Force is a push or pull exerted on an object, according to our textbook. In this case, the hand of Rachel Iaquinello exerted a force on the volleyball to spike it toward the force meter, which measured the force that the ball hit the meter at. The force meter measured the force it was hit at, and the data was transsferred to Logger Pro and turned into a graph. Impulse, also according to the textbook, is the product of the average net force exerted on the object (volleyball) and the time interval over which the force acts (the amount of time Rachel's hand hit the volleyball). This can also be found by taking the force graph produced in Logger Pro and taking the integral of the area beneath the curve (the force).

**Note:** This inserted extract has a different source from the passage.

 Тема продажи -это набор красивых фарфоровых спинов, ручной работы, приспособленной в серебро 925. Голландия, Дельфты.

An example of how we found the impulse is below, and an example of the graph from the force meter is below it . Force can be found by multiplying mass times acceleration, giving units of g*m/s*s or Newtons (N). Impulse, being force times the time interval, gives you units of N*s.
Forces for 4 tests in N (found in the graph and data of the force meter): 27, 29.3, 147.4, -4.7
Average force: 51.92 N
Impulse in N*s (in the order of the forces above): 46.09, 48.88, 67.04, -48.29
Work is related to force. Work is, according to the textbook, the transfer of energy by mechanical means (hitting the volleyball) where a constant force (the hand of Rachel) is exerted on an object (the volleyball) in the direction of motion, and that force is multiplied by the object's displacement (the distance the hand moved in hitting the ball, in this case 0.72 m). Work is measured in N*m or Joules (J).

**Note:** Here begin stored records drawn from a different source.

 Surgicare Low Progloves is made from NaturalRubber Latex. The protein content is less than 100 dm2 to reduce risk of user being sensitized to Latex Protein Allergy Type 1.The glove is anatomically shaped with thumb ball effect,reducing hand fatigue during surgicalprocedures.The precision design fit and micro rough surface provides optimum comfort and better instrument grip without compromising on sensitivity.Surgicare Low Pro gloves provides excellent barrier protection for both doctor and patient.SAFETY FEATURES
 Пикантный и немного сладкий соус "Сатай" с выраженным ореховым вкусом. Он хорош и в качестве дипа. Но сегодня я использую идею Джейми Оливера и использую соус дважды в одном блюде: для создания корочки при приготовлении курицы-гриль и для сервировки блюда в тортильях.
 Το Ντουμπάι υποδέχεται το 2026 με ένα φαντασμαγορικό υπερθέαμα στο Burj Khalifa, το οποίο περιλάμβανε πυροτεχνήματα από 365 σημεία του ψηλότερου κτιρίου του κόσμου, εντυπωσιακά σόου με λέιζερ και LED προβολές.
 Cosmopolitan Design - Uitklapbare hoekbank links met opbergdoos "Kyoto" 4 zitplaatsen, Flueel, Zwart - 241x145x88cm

Work (in the order of the forces above) in J: 19.4, 20.88, 106.12, 3.384
This data has to do with types of motion, using the tracker program. The three pictures are in order so that all of the data found in the tracker program is displayed, starting with time 0.228 sec, 0.3 sec, and 0.366 sec.
(The image will not allow data to be typed above this line, so this is where the expalnation begins of all of this data.)

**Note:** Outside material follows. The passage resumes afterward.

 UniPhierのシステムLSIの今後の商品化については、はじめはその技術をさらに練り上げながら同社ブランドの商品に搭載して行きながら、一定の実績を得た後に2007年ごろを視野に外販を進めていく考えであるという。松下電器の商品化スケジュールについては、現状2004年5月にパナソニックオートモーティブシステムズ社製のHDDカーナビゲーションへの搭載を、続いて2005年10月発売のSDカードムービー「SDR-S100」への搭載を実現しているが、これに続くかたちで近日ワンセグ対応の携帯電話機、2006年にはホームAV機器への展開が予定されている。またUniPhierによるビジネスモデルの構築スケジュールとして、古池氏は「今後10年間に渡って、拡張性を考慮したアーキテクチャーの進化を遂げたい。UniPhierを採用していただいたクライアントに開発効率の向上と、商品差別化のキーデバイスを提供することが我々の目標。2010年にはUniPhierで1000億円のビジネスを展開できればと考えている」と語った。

The "t" in the charts is the time interval as measured with the high speed camera with 500 frames per second.
The "x" and "y" are the x and y positions of the projectile (volleyball) as it moves from an origin (where the ball starts to be measured in this one).
The "vy" stands for the velocity, in the y direction, of the projectile as it is falling and is then hit. This is found by the equation: distance of projectile moved/time interval. Also, velocity can be found by finding the slope of the line in the position (distance) vs. time graph (or the derivative of the displacement graph) The units are m/s.
The "ay" stands for the acceleration, in the y direction, of the projectile as it is falling and hit. This can be found by the equation: change in velocity/time interval. Also, acceleration can be found by finding the slope of the line in the velocity vs. time graph (or the derivative of the velocity graph). The units are m/s*s.
The "p" stands for momentum, the product of the projectile's mass and the projectile's velocity in kg*m/s, according to the textbook.
The "K" stands for the kinetic energy of the projectile as it is falling and is then hit by Rachel, found by the equation 0.5*mass of projectile (0.226 kg)* (velocity of object)squared, measured in J.
Luckily for our group, we used the tracker program to find the velocity, acceleration, momentum, and kinetic energy, only having to adjust a few numbers (the mass of the volleyball mainly). When analyzing the video, we had to change the frames per sec to 0.002 to adjust for 500 frames per sec on the high speed camera. We then analyzed the video using the meter stick as our guide for setting our distance. The following graphs below are the position (t, y), velocity(t, vy), and acceleration (t, ay)graphs, based on their labels.
Above, we can see Rachel in the middle of another great spike that will be just the right speed, and when aimed properly, will get past all of the other team's defenses, giving the win to Rachel. The only way this is possible is to be positioned so that with the maximum force and minimum work needed, Rachel can spike with ease. Based on the data shown, it is clear that it does not take much movement of the hand, or energy, to make a volleyball move. If Rachel can simply continue moving her arm the same distance only differing the acceleration of the arm, she can achieve any number of forces, trying to use the least energy spent to be ready for a surprise hit back.